Once the pattern clicks, extending the assistant is straightforward. Here's a file-reading tool as an example:

def read_file_tool(file_path: str) -> str:
    """Read a file and return its contents (truncated if too long)."""
    try:
        with open(file_path, "r", encoding="utf-8") as f:
            content = f.read()
        return content[:5000] if len(content) > 5000 else content
    except FileNotFoundError:
        return f"File not found: {file_path}"
    except Exception as e:
        return f"Read error: {str(e)}"

The same pattern applies to database queries, external API calls, or code execution. What matters most is the description field in your tool definition—Claude uses it to decide when to call the tool. Write it as clearly as you'd explain the function to a colleague.
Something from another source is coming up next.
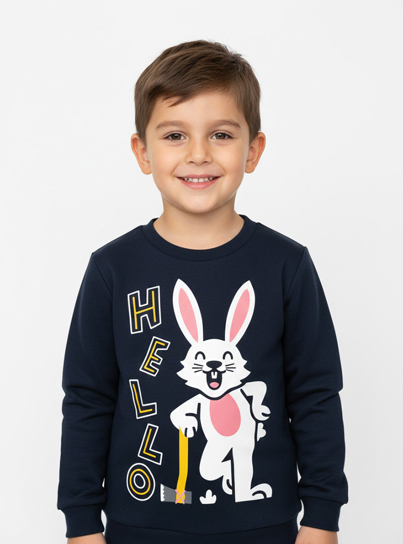 Hello Rabbit Printed Boys Sweatshirt – soft fleece comfort meets charming rabbit graphics. Ideal for layering through winter months.

For more on building with the Python SDK, the Python SDK Chatbot Tutorial covers the foundational patterns in detail.

Start with This Code

The fastest way to understand Tool Use × Streaming is to run this code and watch what happens. Try asking questions that require tools, then questions that don't. Observe how Claude decides when to call a tool versus answering directly.

Once that behavior makes sense, you'll find it straightforward to add tools that fit your actual use case—and the assistant starts feeling genuinely useful rather than just an experiment.